Items listed in a dataset
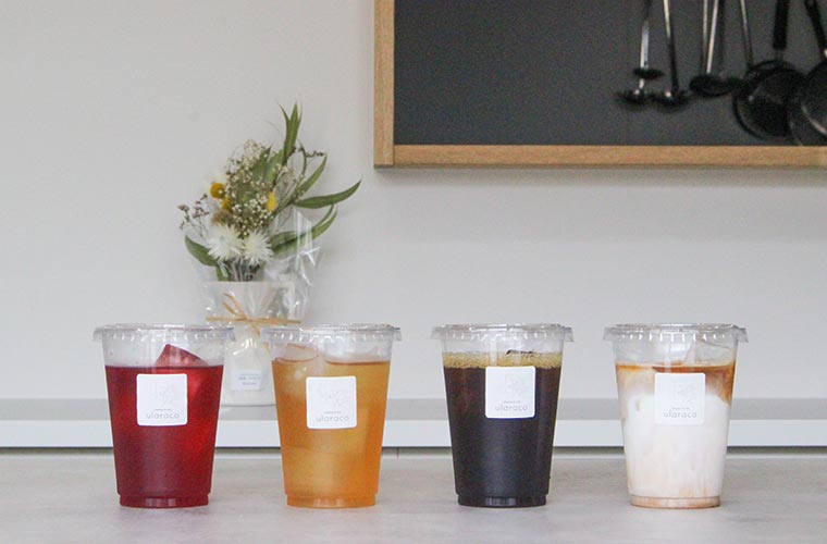 ふわっと崩れるようなやわらかさや、とろけるような口溶けで五感を楽しませてくれる「ularaco」のスイーツ。スイーツに合うよう選ばれたドリンクメニューもテイクアウトが可能で、ドライブや散歩の途中にドリンク一杯、焼き菓子一個から気軽に立ち寄ってみては?
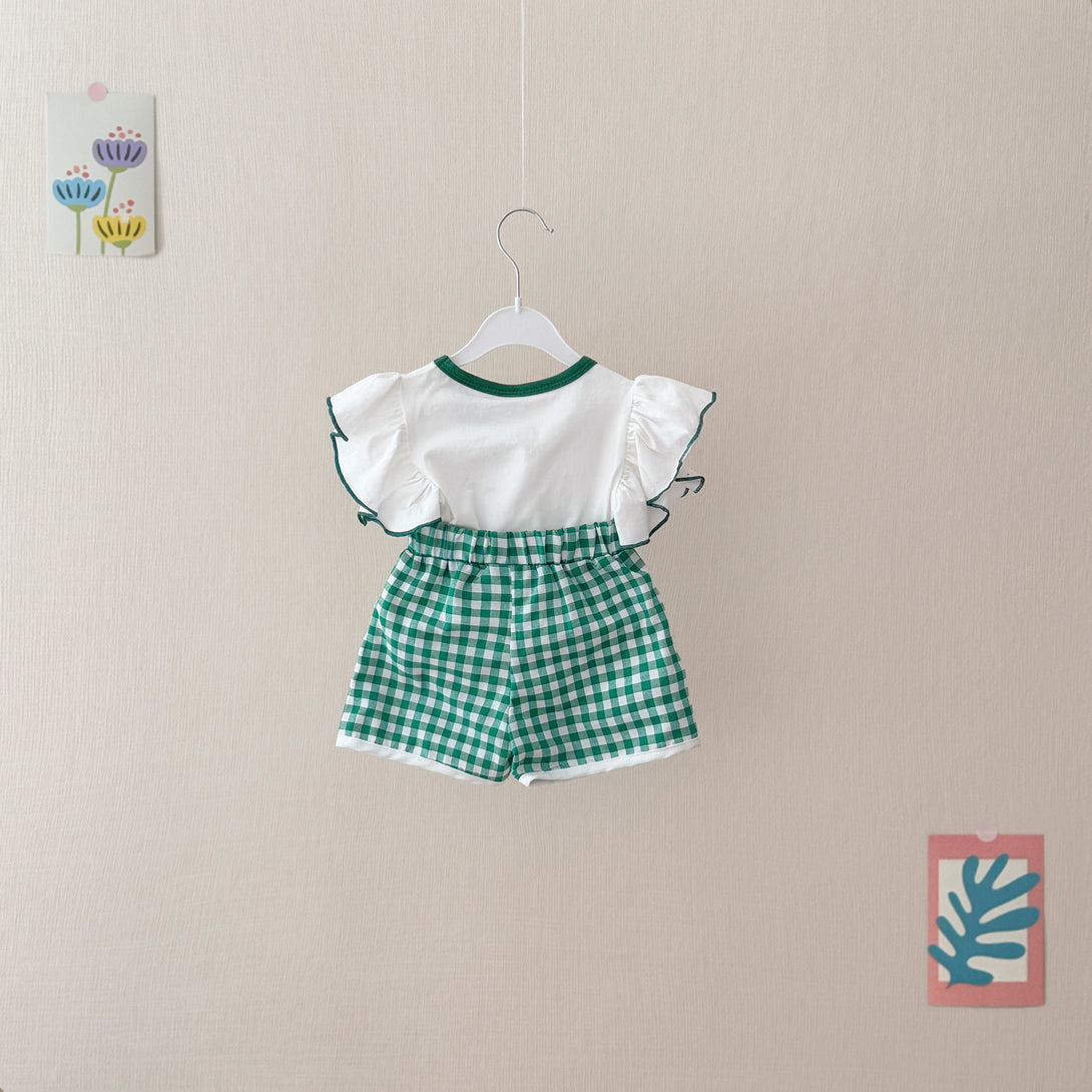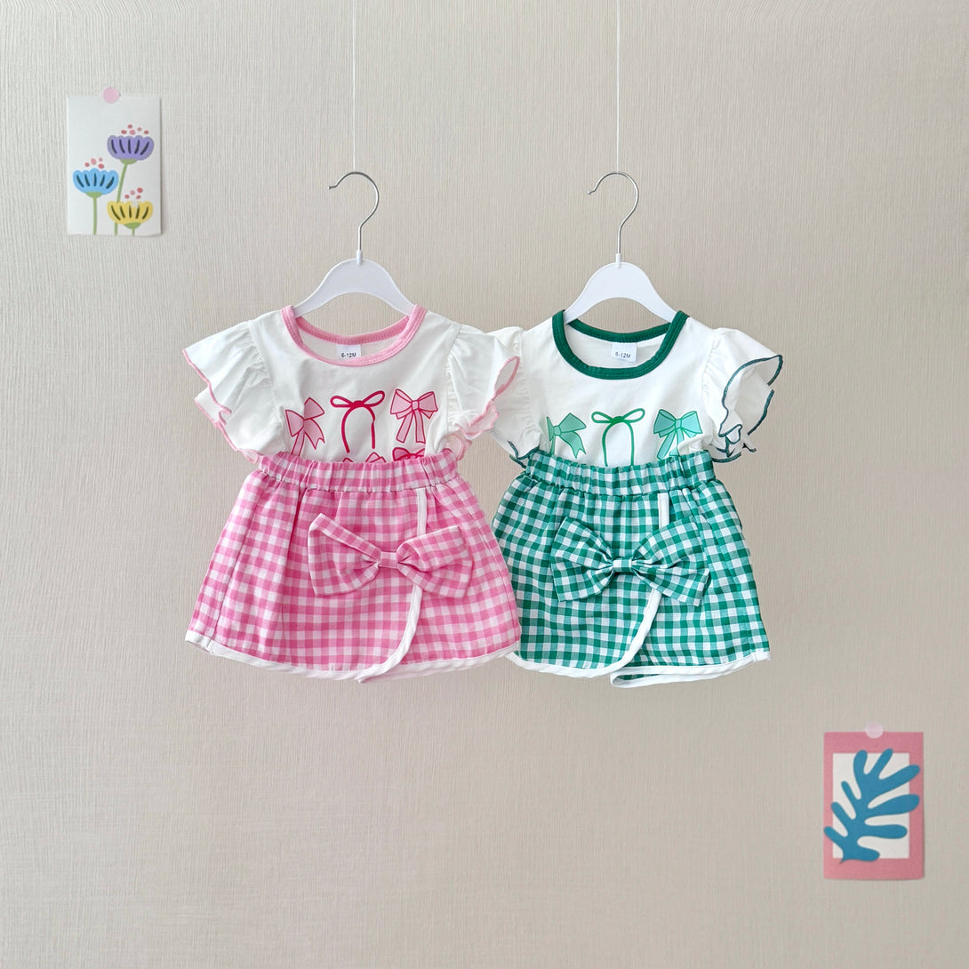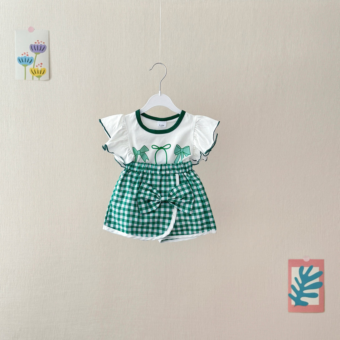 This set includes a white short-sleeved top with ruffled sleeves and pink trim. The top is adorned with different bow prints that add a cute touch. Paired with it are plaid patterned shorts with a large bow on the front. The fabric of the top is soft and breathable and the shorts are lightweight and comfortable, making them perfect for little ones.
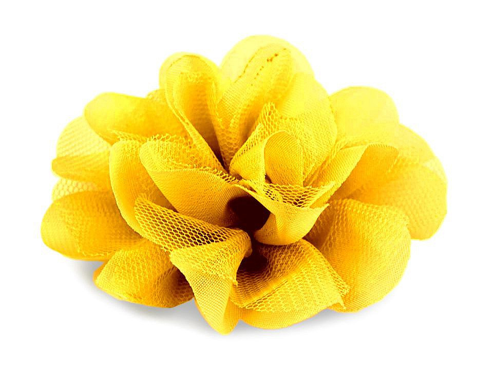Použití: Květ můžete našít jako ozdobu na společenské šaty, halenky, trička nebo svetry. Je vhodný i na zdobení klobouků, čepic a čelenek do vlasů. Můžete ho také pomocí lepidla přilepit na brožový můstek a vytvořit zajímavý šperk.
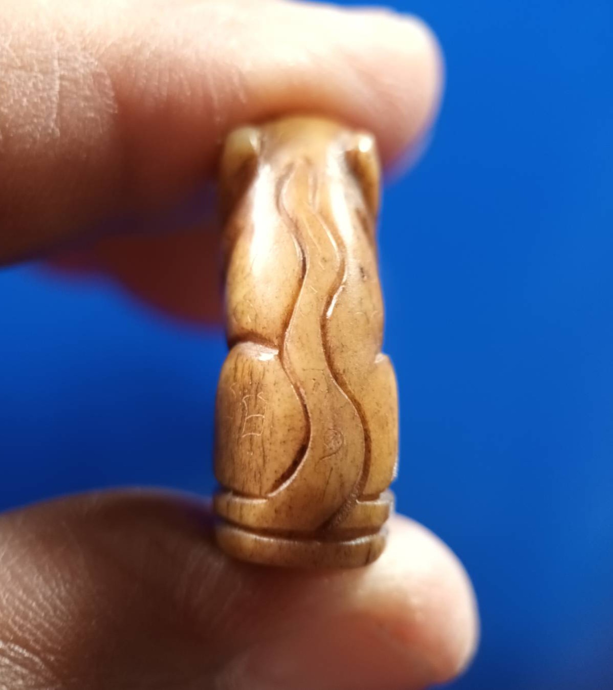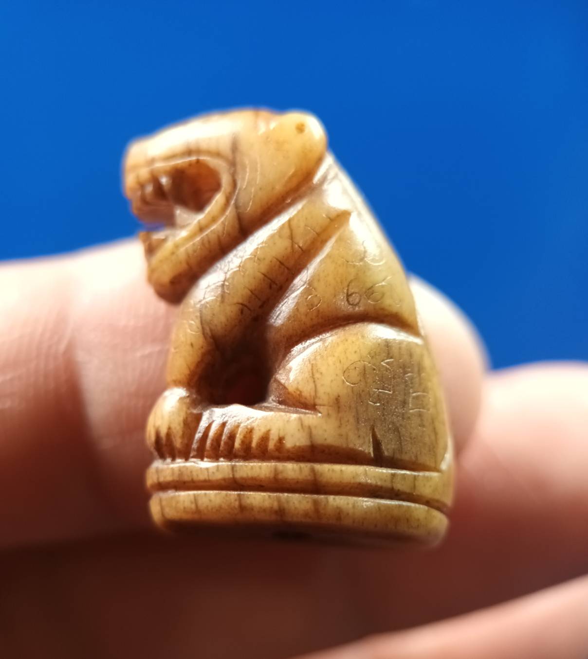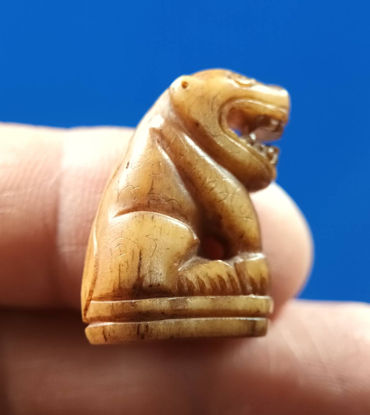 เสืออ้าปากแกะจากกระดูกหลวงพ่อสาย วัดบางเหี้ยคลองด่าน ( ตัวใหญ่แกะจากกระดูก ) เสืออ้าปากแกะจากกระดูกลงจารย์ลงอักขระครบสูตรหายากเก่าสวยคมชัด พระบ้าน.จ.สมุทรปราการ.
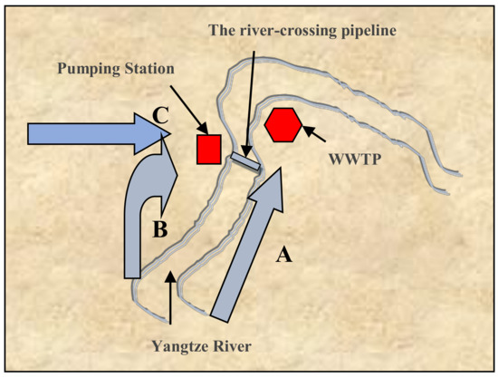 The selected WWTP is located in Chongqing city (China) with a combined sewage collection system. The WWTP provides wastewater treatment services for three nearby districts, including Nan’an District, Jiulongpo District, and Yuzhong District (see Figure 1). The wastewater from Nan’an District enters the WWTP directly through Route A; and the wastewater from Jiulongpo District and Yuzhong District is channeled to the pump station through the Route B and Route C, respectively. During rainy days, the pumping station regulates the flow by controlling the number of sewage pumps. The wastewater collection route is shown in Figure 1. The treatment capacity of the WWTP in dry and rain seasons is 60,000 m3/d and 100,000 m3/d, respectively. The inverted anaerobic-anoxic-oxic (AAO) process is used, and the flow chart is shown in Figure 2.
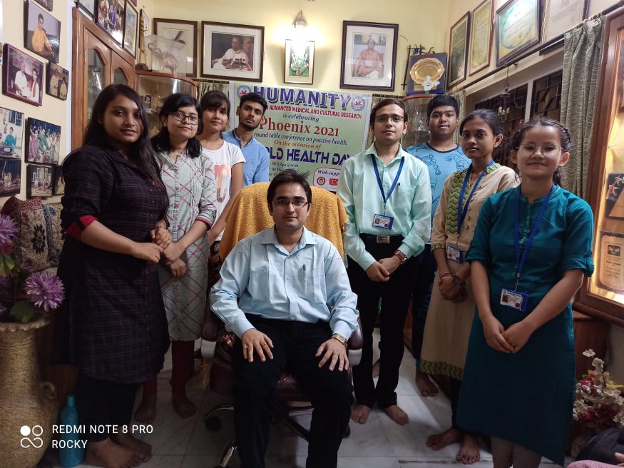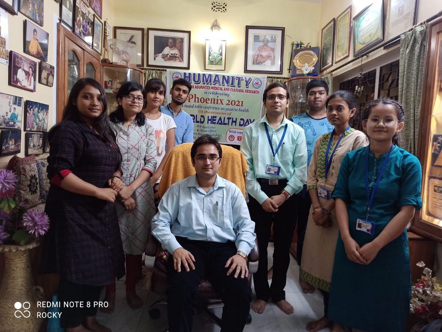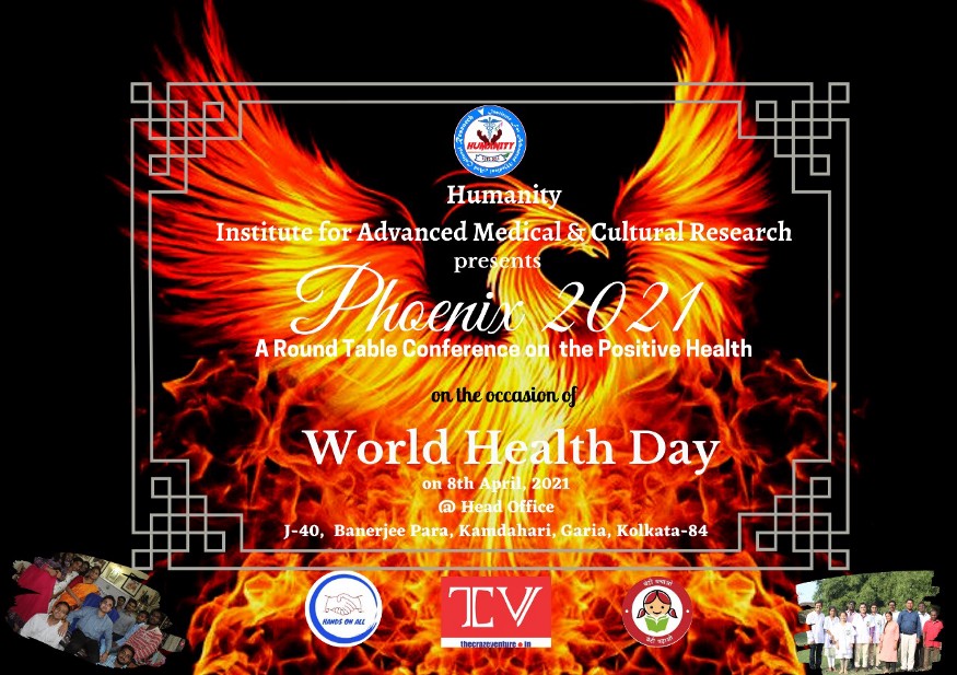 Based on this scenario, an interdisciplinary round table conference was organized at Humanity, Institute for Advanced Medical & Cultural Research, Kolkata at their head office on the occasion of World Health Day with the theme of Phoenix 2021 on 08th April 2021. Phoenix is a Greek mythological bird that re-appears from its burnt ashes lighting up the energy of wisdom and truth to reborn in this world of the living. The conference and the so-called mirage of positive health were similar to the theme of their program. In the discussion, several peoples from several backgrounds appeared to speak up and find out the solution to these major health issues in life. Dr Sinchan Das, Secretary of Humanity, Institute for Advanced Medical & Cultural Research chaired the complete conference with his opening words to discuss the main culprit of today’s health condition. Scholars and students of HIAMCR, Students from Rabindranath Tagore International Institute for Cardiac Sciences and College of Paramedical and Allied Health Sciences, West Bengal, and staff of Vivekanand Institute for Postgraduate Medical Sciences gathered together on identifying the issues in detail.
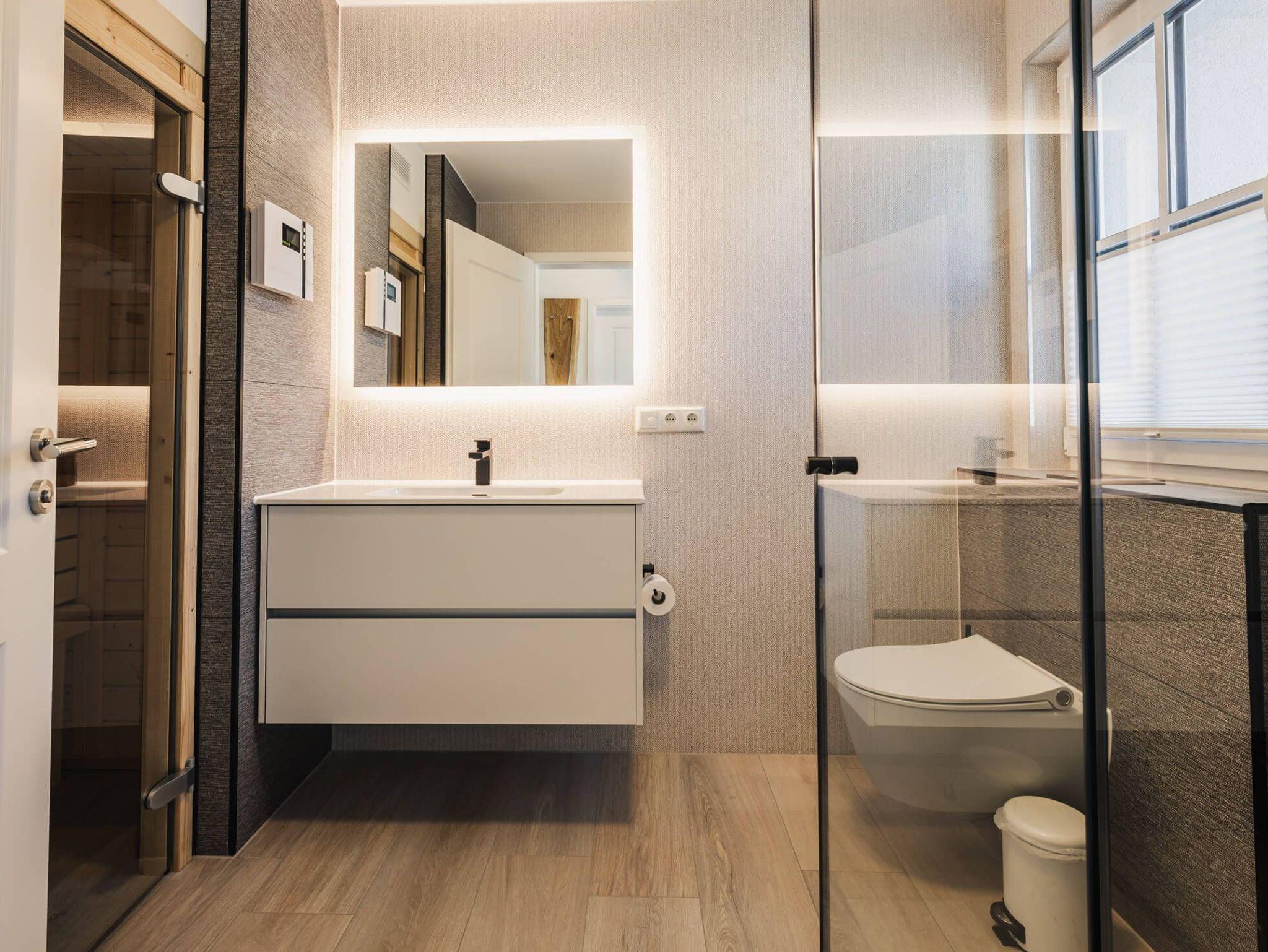 Auf 105 Quadratmetern Wohnfläche bietet Ihnen das Ferienhaus Kranichkieker Platz für 7 Personen. Es verfügt über 4 Schlafzimmer und 2 Bäder. Ein Bad im Erdgeschoss mit ebenerdiger Dusche und Sauna und ein Bad im Obergeschoss mit Badewanne und bodengleicher Dusche sorgen für Komfort und Entspannung. Die Schlafzimmer im Obergeschoss sind komfortabel mit Boxspringbetten und Flatscreen-TV ausgestattet. Das Schlafzimmer im Dachgeschoss beinhaltet zwei Einzelbetten und einen Flatscreen-TV. Der offene Wohn-Ess-Bereich mit voll ausgestatteter Küche bietet ausreichend Platz für gemeinsame Mahlzeiten und gesellige Abende. Die Terrasse mit angrenzendem Rasen lädt zum Sonnenbaden, Grillen und Entspannen im Freien ein. In dem abschließbaren Fahrradschuppen können Sie Ihre Fahrräder sicher abstellen. Zwei PKW-Stellplätze stehen Ihnen direkt am Haus zur Verfügung.

- AIM OF THE EXERCISE -
Verbatim copy, pictures excluded: output the lines from the first line of the records above through the line containing "Použití: Květ můžete".

- OUTPUT FOR THIS TASK -
 ふわっと崩れるようなやわらかさや、とろけるような口溶けで五感を楽しませてくれる「ularaco」のスイーツ。スイーツに合うよう選ばれたドリンクメニューもテイクアウトが可能で、ドライブや散歩の途中にドリンク一杯、焼き菓子一個から気軽に立ち寄ってみては?
 This set includes a white short-sleeved top with ruffled sleeves and pink trim. The top is adorned with different bow prints that add a cute touch. Paired with it are plaid patterned shorts with a large bow on the front. The fabric of the top is soft and breathable and the shorts are lightweight and comfortable, making them perfect for little ones.
Použití: Květ můžete našít jako ozdobu na společenské šaty, halenky, trička nebo svetry. Je vhodný i na zdobení klobouků, čepic a čelenek do vlasů. Můžete ho také pomocí lepidla přilepit na brožový můstek a vytvořit zajímavý šperk.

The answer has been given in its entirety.